The possibility of sequencing of BCMA‑targeting agents is another interesting debate in myeloma management currently. It is important to remember that patients who progress on one BCMA-targeted therapy may remain eligible for another. In the KarMMa study, a small percentage of patients progressing on CAR T-cell therapy showed BCMA loss,13 but many patients retain BCMA expression on their plasma cells despite relapse and may still be eligible for a different CAR T‑cell therapy or bispecific therapy, or changing therapy altogether. Ongoing studies of BCMA-targeted therapy are also including cohorts with prior BCMA-targeted therapy exposure and, hopefully, these data will help answer the question of how we can sequence these agents effectively. For example, the MagnetisMM-1 trial with elranatamab included people with prior BCMA exposure and showed response in this population.36 I commend the investigators for permitting enrollment of these patients, because it allows us to see if there is potential for sequential anti‑BCMA therapy. Of course, there are also ongoing trials with agents for other MM targets, but hopefully we are going to get some mileage from targeting BCMA alone.
There also has been interest in measuring soluble BCMA as a biomarker for patients with MM. We know that soluble BCMA is a reflection of disease burden. We know that administration of a γ-secretase inhibitor to a patient with MM decreases soluble BCMA because surface binding increases. Whether the amount of soluble BCMA can predict outcomes for patients is less clear. It can be used as a reflection of B‑cells returning, but whether those are malignant B‑cells in a relapse or normal healthy B‑cells has yet to be determined and may even be patient specific.
Right now, some think that increasing levels of soluble BCMA may be most useful as an early biomarker of progression, so if assays can be improved, I think this will be another way for us to detect if patients are progressing.
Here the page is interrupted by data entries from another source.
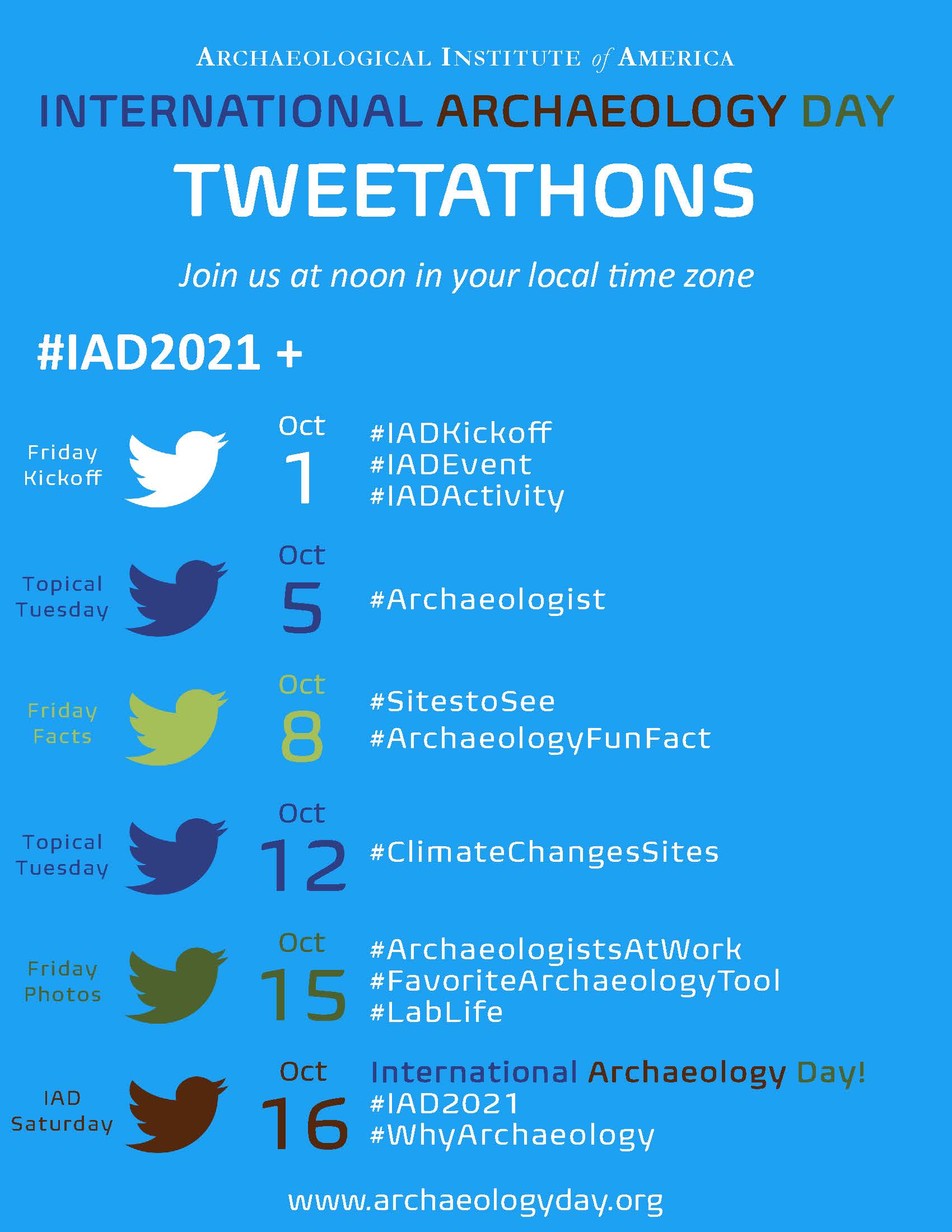After a highly successful debut last October in celebration of International Archaeology Day, the AIA will be bringing back Tweetathons in 2021. Mark your calendar for Tuesdays and Fridays leading up to International Archaeology Day on October 16.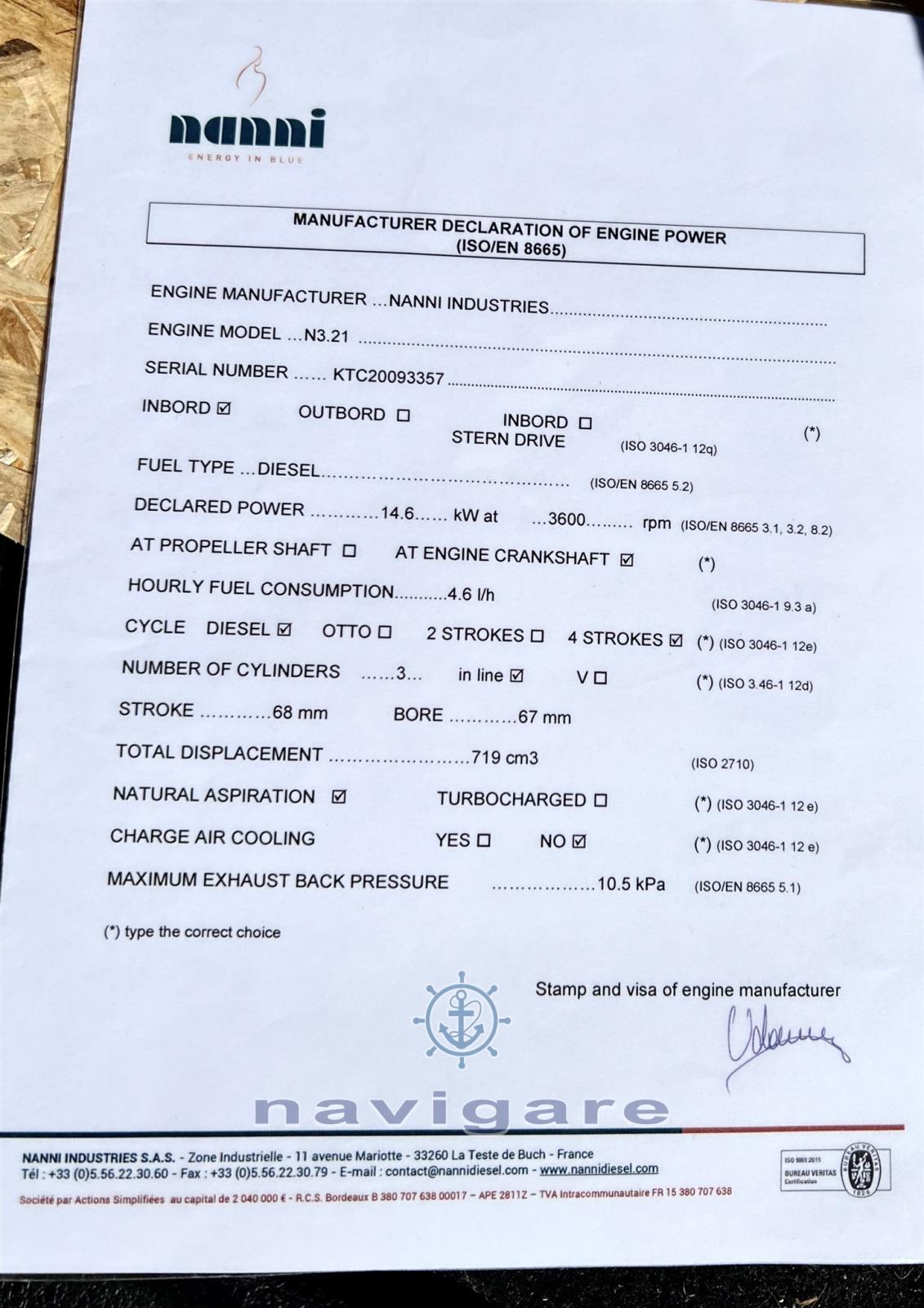 COMAR COMET 910 DE 1976 AVEC 1x21 CV NANNI DE 2020 AVEC MOINS DE 100 HEURES DE FONCTIONNEMENT.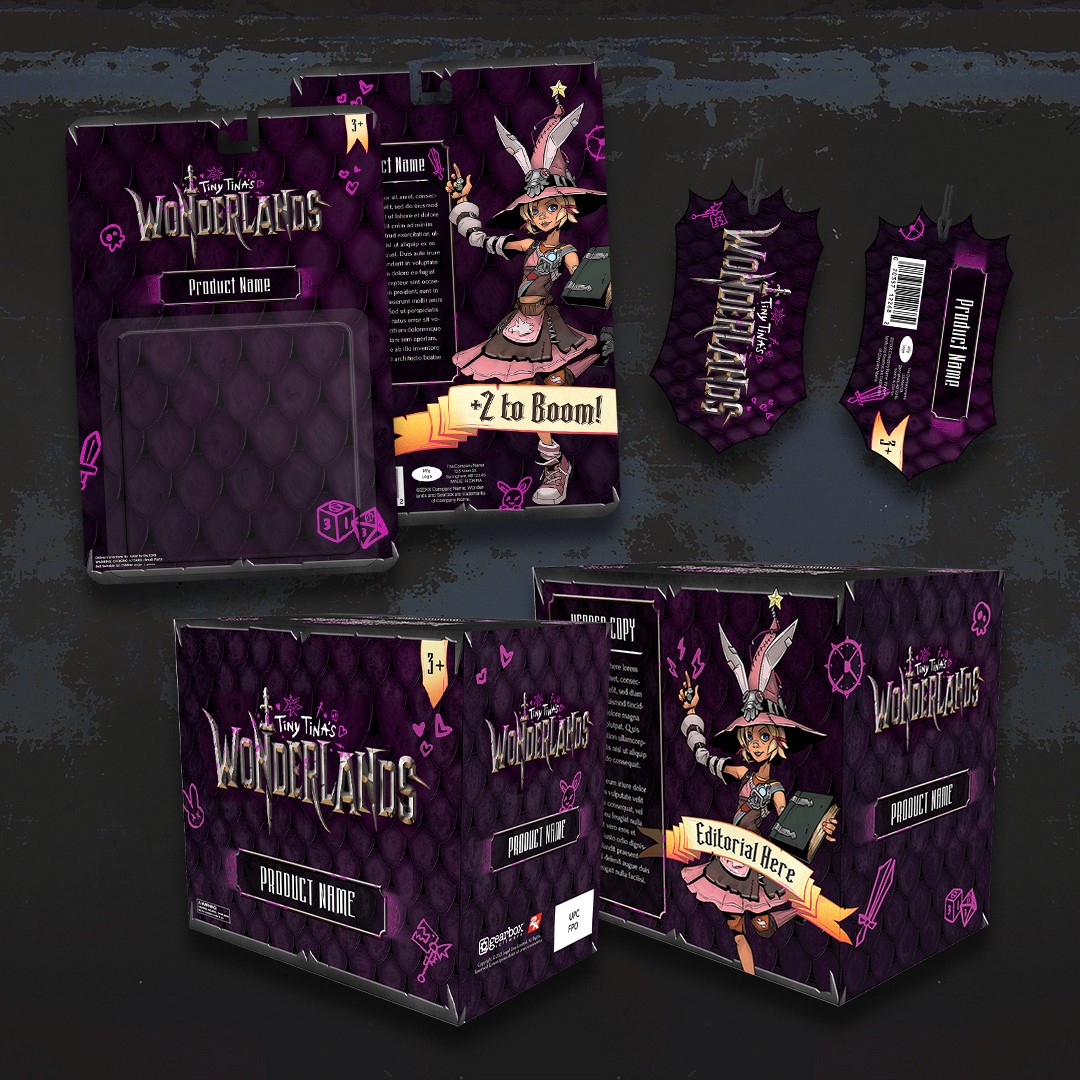 After developing the Licensing and Packaging Style Guides for the hit gaming franchise Borderlands, our friends at Gearbox Software asked us to help on the guides for their upcoming Borderlands spinoff Tina Tina's Wonderlands.

The studies we discussed today show that targeting BCMA is an effective way to eliminate malignant plasma cells. We have unprecedented phase I and II data of single agent therapy for patients with heavily pretreated R/R MM, yielding response rates as high as 98% (in the case of ciltacabtagene autoleucel). The long-term duration of response with these agents is unclear so far and we are excited to see longer‑term data in the future.
One of the next steps for BCMA-targeted agents is to bring these therapies forward in the treatment course. Combining these BCMA-targeted immunotherapies with other anti-myeloma treatments to reach the goal of steroid independence is attractive to patients and using these approaches in earlier lines of therapy can eliminate the worry of having exhausted T‑cells in heavily pretreated disease. We are also exploring novel targets beyond BCMA, including GPRC5D, FcRH5, and other therapies, targets, and sequences with a view to optimizing therapy for myeloma patients and sustain disease control.